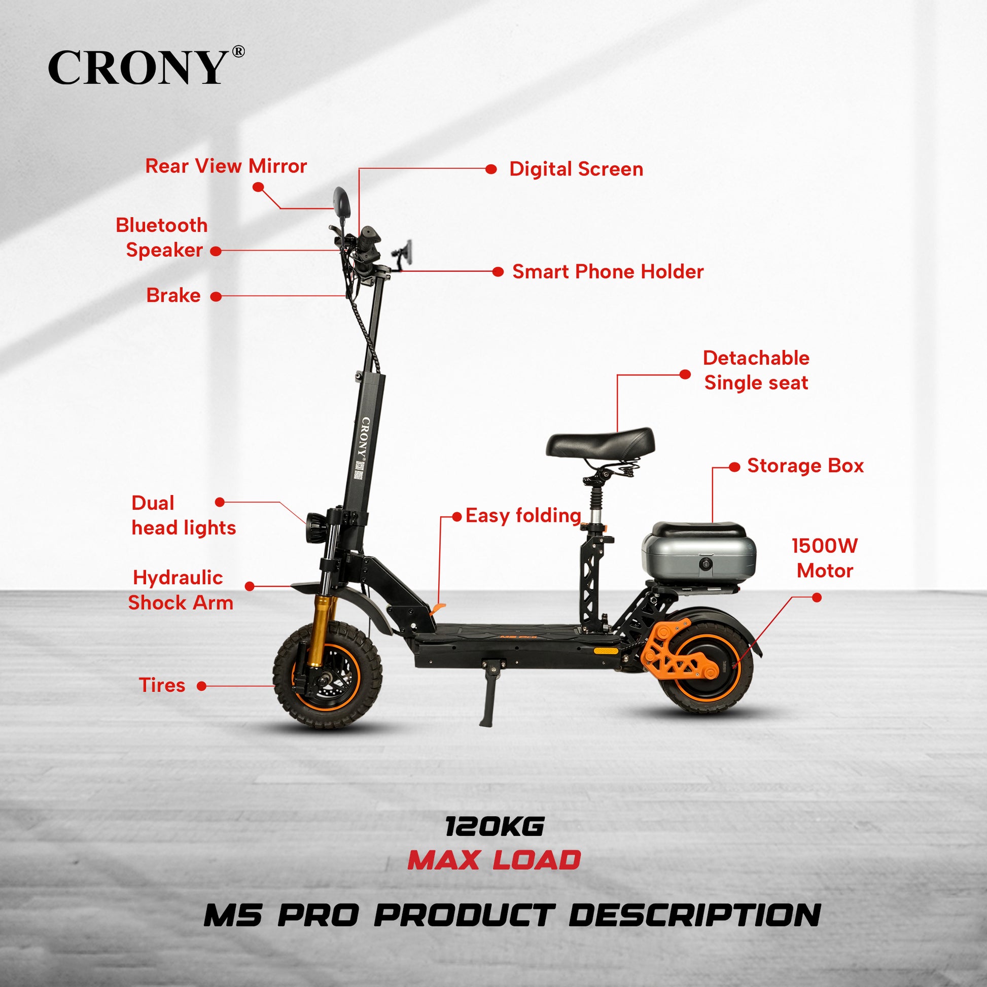سكوتر كهربائي CRONY M5 Pro للكبار والأطفال مع مكبر صوت بلوتوث واتصال بالتطبيق
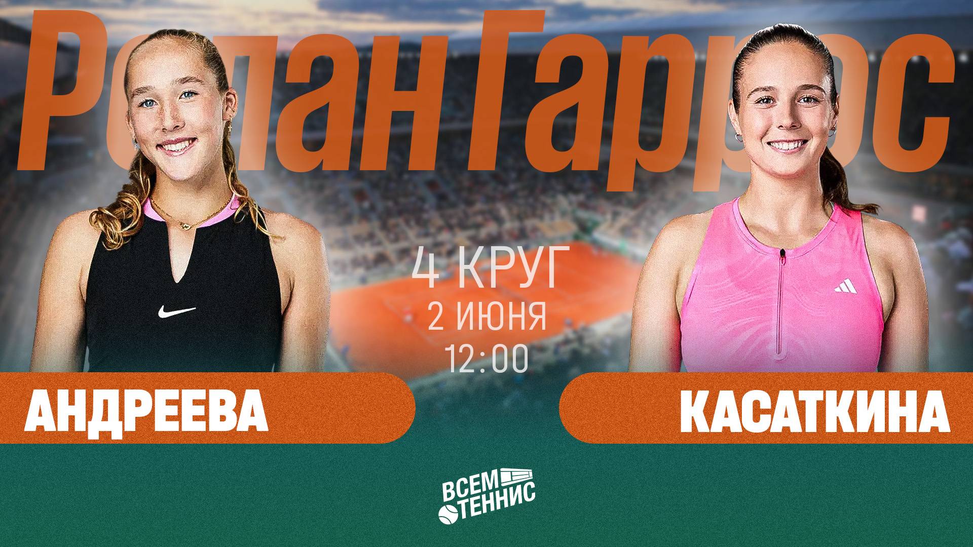 2.06.2025 | 12:00 | Андреева – Касаткина | Ролан Гаррос | Прямая трансляция
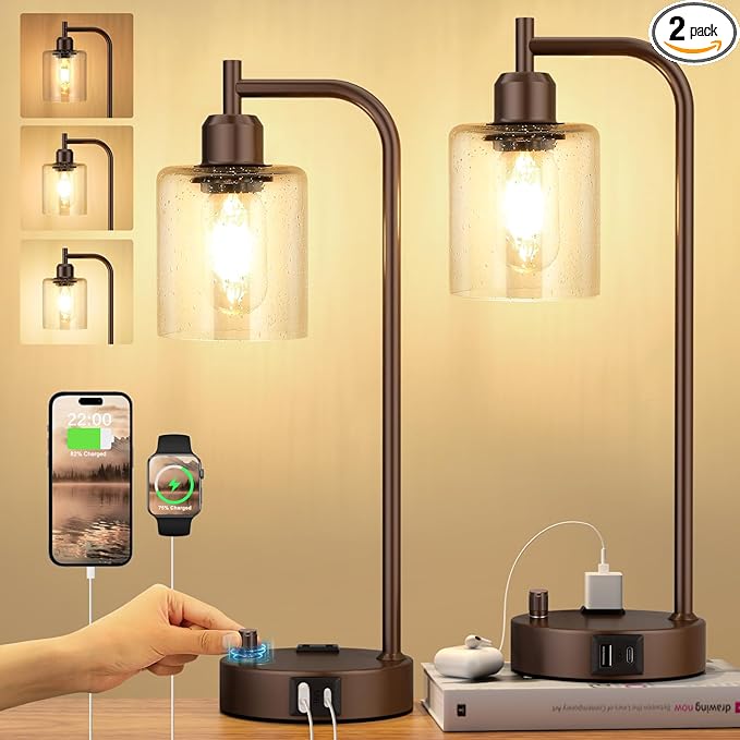 - MODERN DESIGN FOR INDUSTRY STYLE - Adopted thick cylinder glass shade, pairs with rust-proof matte brown finish iron, these rustic bedside lamps set of 2 perfectly combine a touch of vintage style with modern industry design, suitable for decorating anywhere in home and office, such as bedroom, living room, dorm, guest room, kids room, and also perfect gift choice for festivals, birthday and housewarming
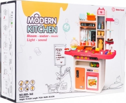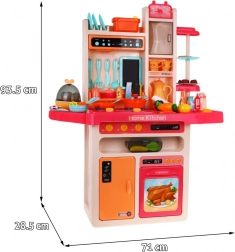 Deze stijlvolle kinderkeuken stimuleert creativiteit en de fijne motoriek. Dankzij realistische functies zoals stromend water, een stoomproducerende brander, lichten en geluiden beleven kinderen een authentieke kookervaring. Met oven, koelkast, afzuigkap met lampje en veel opbergrekjes.
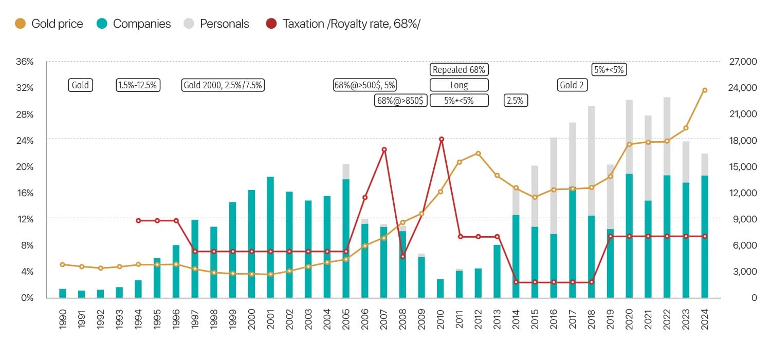 - 2008: Legalized tax rates of up to 68% in case price reaches $850 per ounce in accordance with Special Product Price Increase Tax Law
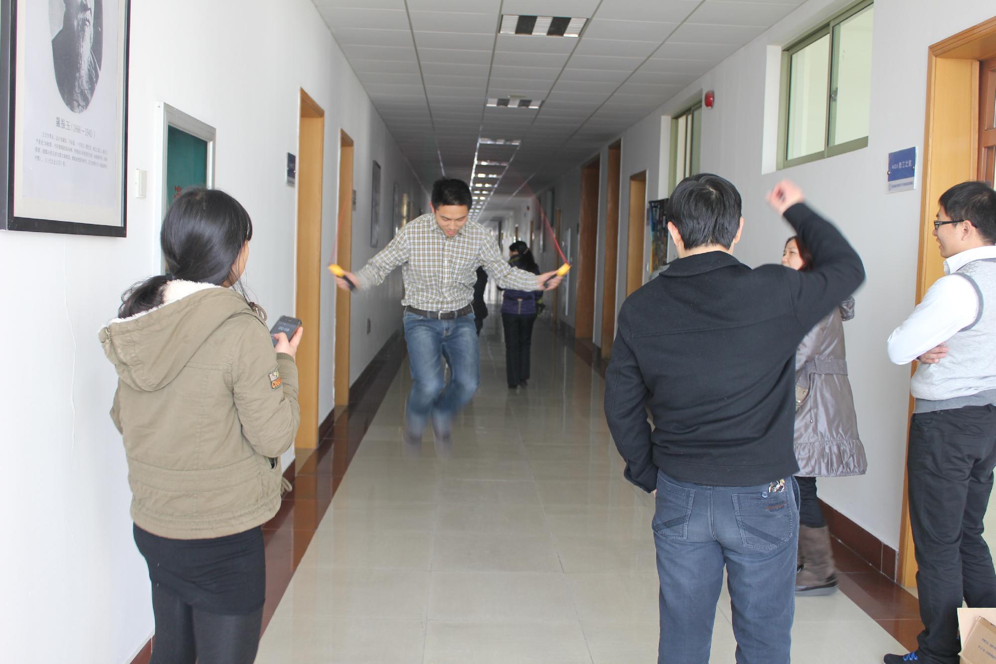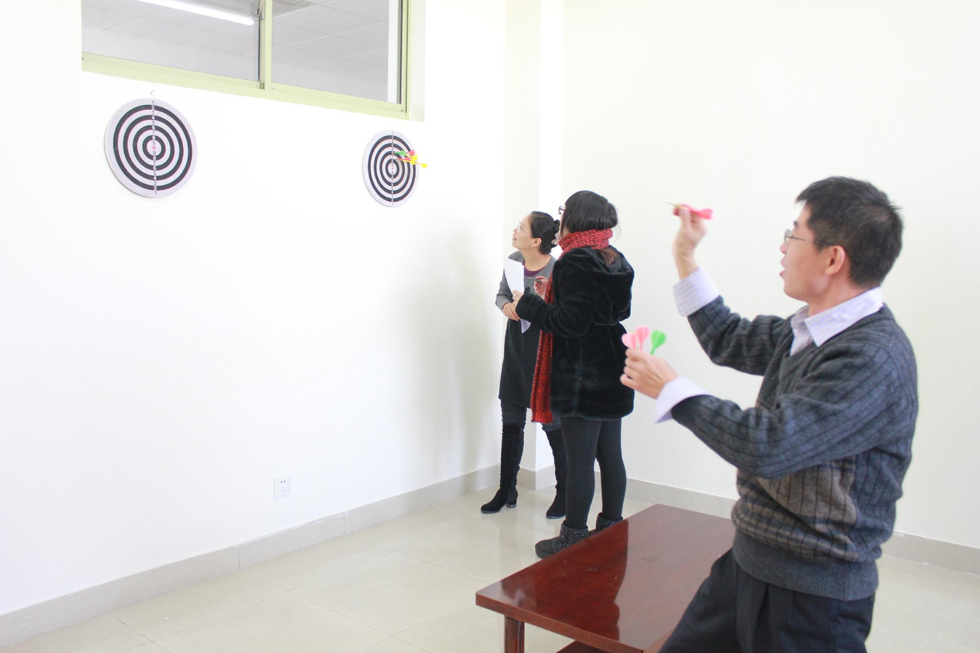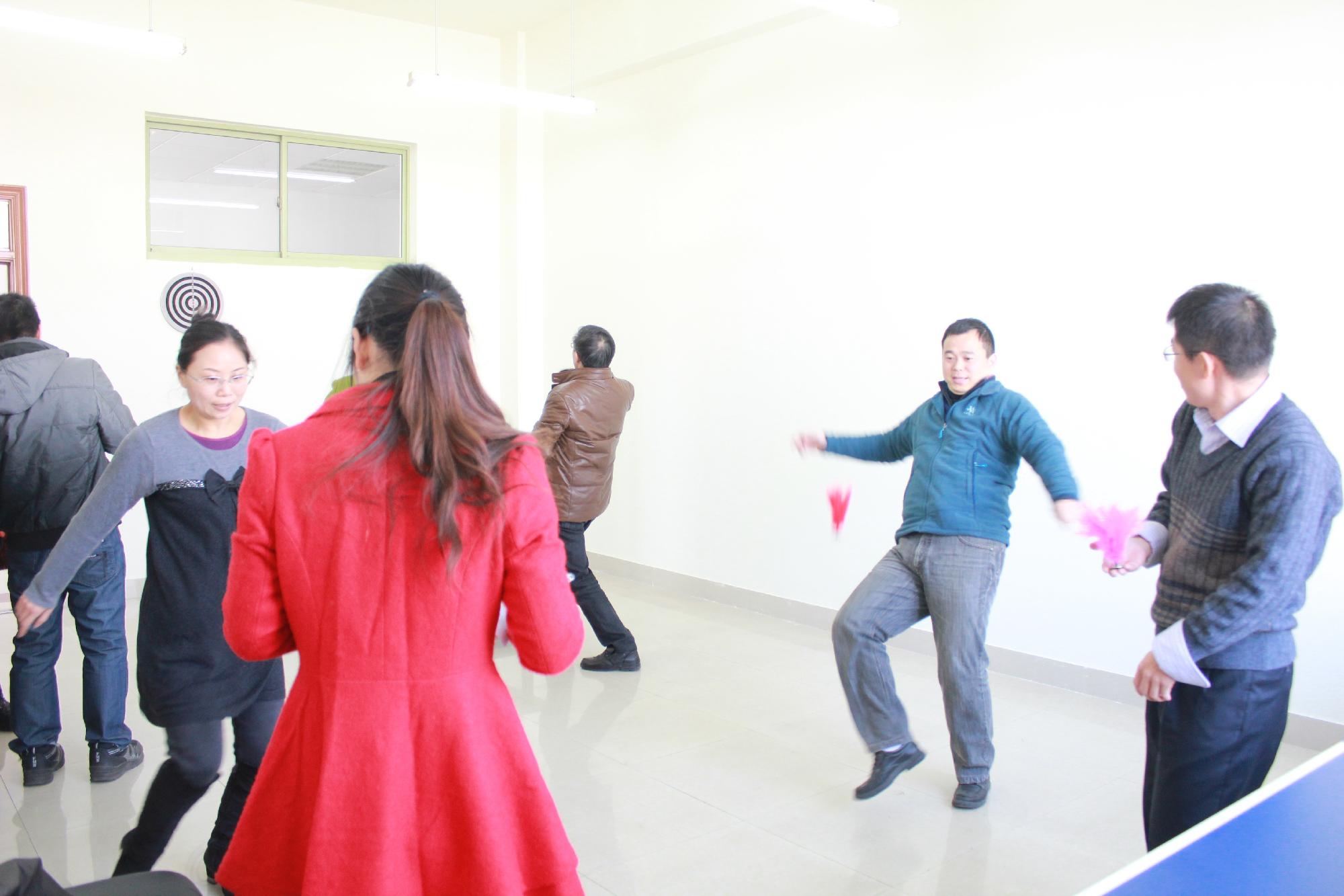 在2013年12月30日和2014年1月6日分别开展了以“单人跳绳”、“踢毽子”、“扔飞镖”三个项目为主的全体教职工健身健心活动。
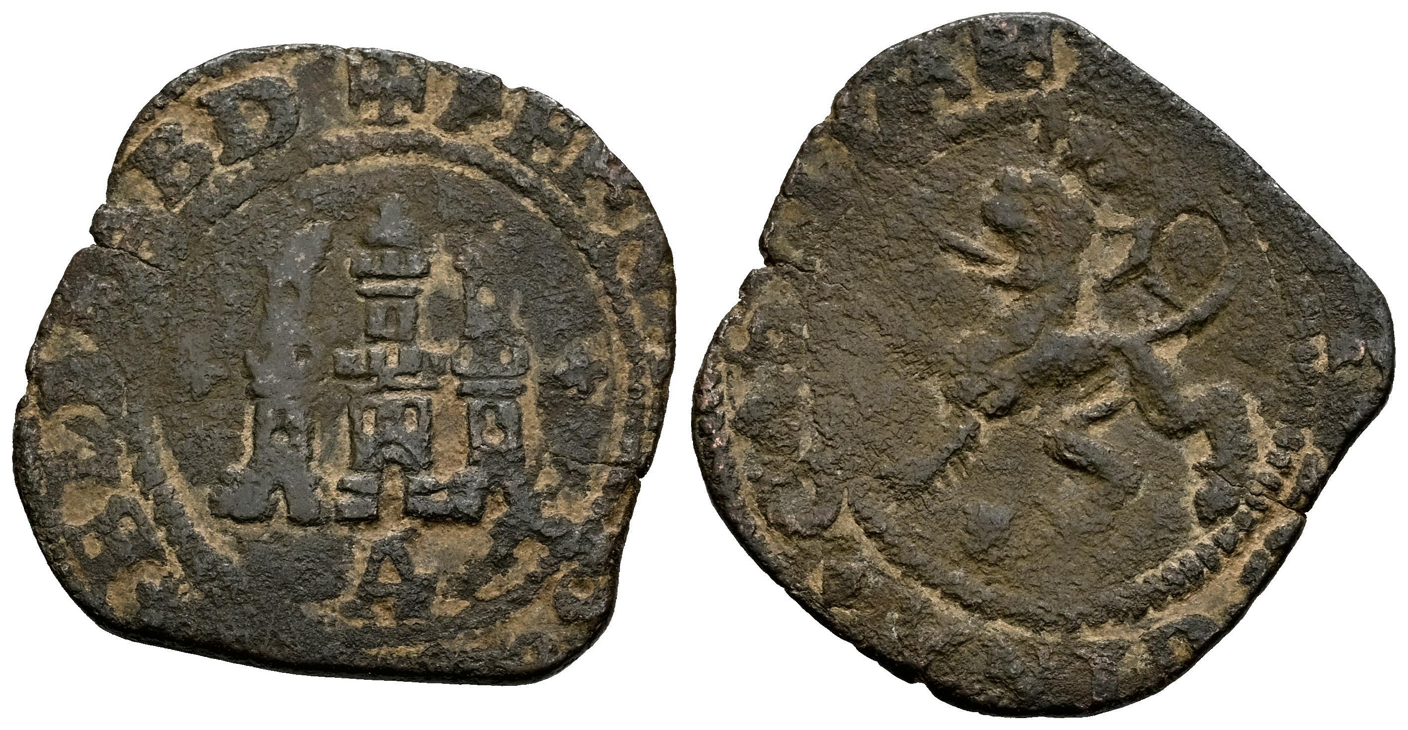 Fernando e Isabel (1474-1504). 2 maravedís. Coruña. A. (Cal-75). (Bautista-0413). Ve. 3,46 g. Cruces a los lados del castillo, venera bajo el león. Ex Colección Orol. MBC-. Est...45,00.
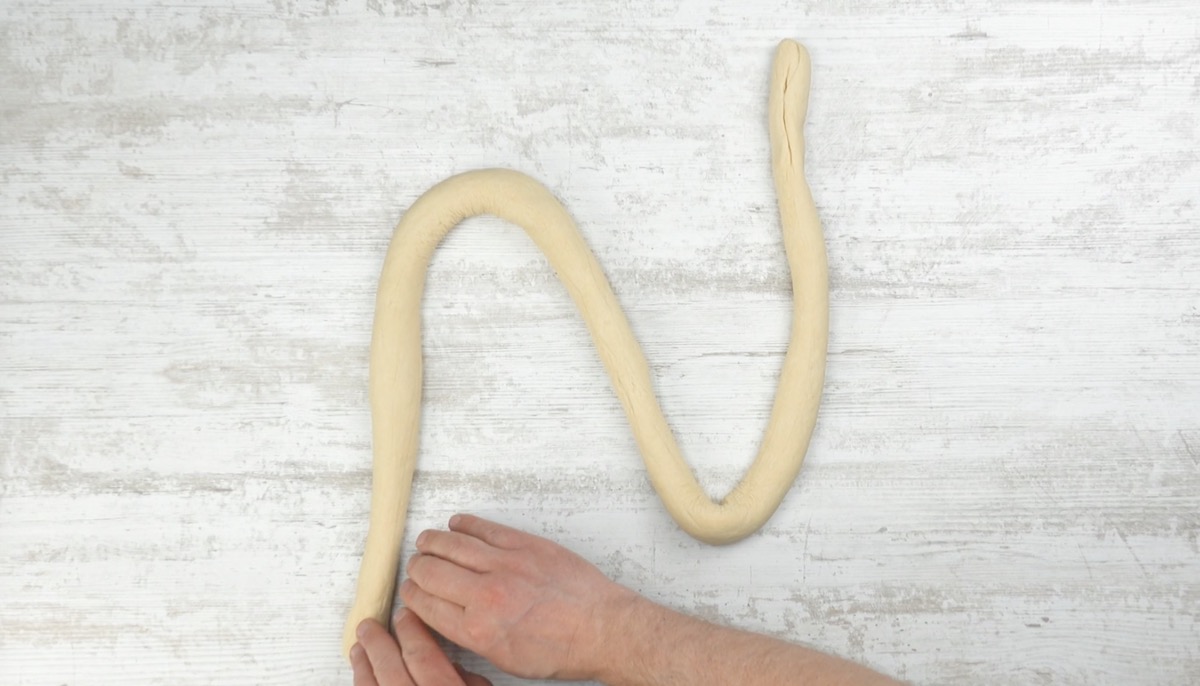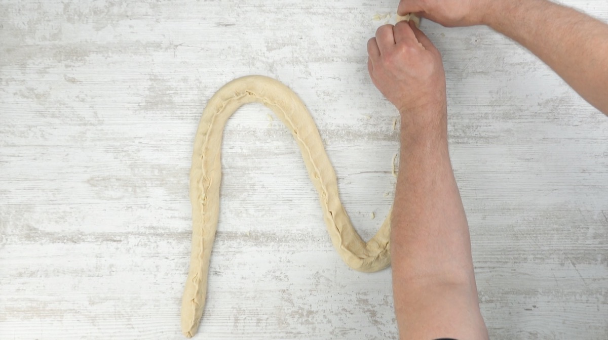 3. Drücke den Teig oberhalb des Mozzarellas zusammen. Rolle ihn anschließend vorsichtig wieder zu einer Schlange, sollte er sehr aus der Form geraten sein.

* _Exercise prompt_
Line by line, return the listing above exactly, leaving out its pictures.

* _Answer for the task_
سكوتر كهربائي CRONY M5 Pro للكبار والأطفال مع مكبر صوت بلوتوث واتصال بالتطبيق
 2.06.2025 | 12:00 | Андреева – Касаткина | Ролан Гаррос | Прямая трансляция
 - MODERN DESIGN FOR INDUSTRY STYLE - Adopted thick cylinder glass shade, pairs with rust-proof matte brown finish iron, these rustic bedside lamps set of 2 perfectly combine a touch of vintage style with modern industry design, suitable for decorating anywhere in home and office, such as bedroom, living room, dorm, guest room, kids room, and also perfect gift choice for festivals, birthday and housewarming
 Deze stijlvolle kinderkeuken stimuleert creativiteit en de fijne motoriek. Dankzij realistische functies zoals stromend water, een stoomproducerende brander, lichten en geluiden beleven kinderen een authentieke kookervaring. Met oven, koelkast, afzuigkap met lampje en veel opbergrekjes.
 - 2008: Legalized tax rates of up to 68% in case price reaches $850 per ounce in accordance with Special Product Price Increase Tax Law
 在2013年12月30日和2014年1月6日分别开展了以“单人跳绳”、“踢毽子”、“扔飞镖”三个项目为主的全体教职工健身健心活动。
 Fernando e Isabel (1474-1504). 2 maravedís. Coruña. A. (Cal-75). (Bautista-0413). Ve. 3,46 g. Cruces a los lados del castillo, venera bajo el león. Ex Colección Orol. MBC-. Est...45,00.
 3. Drücke den Teig oberhalb des Mozzarellas zusammen. Rolle ihn anschließend vorsichtig wieder zu einer Schlange, sollte er sehr aus der Form geraten sein.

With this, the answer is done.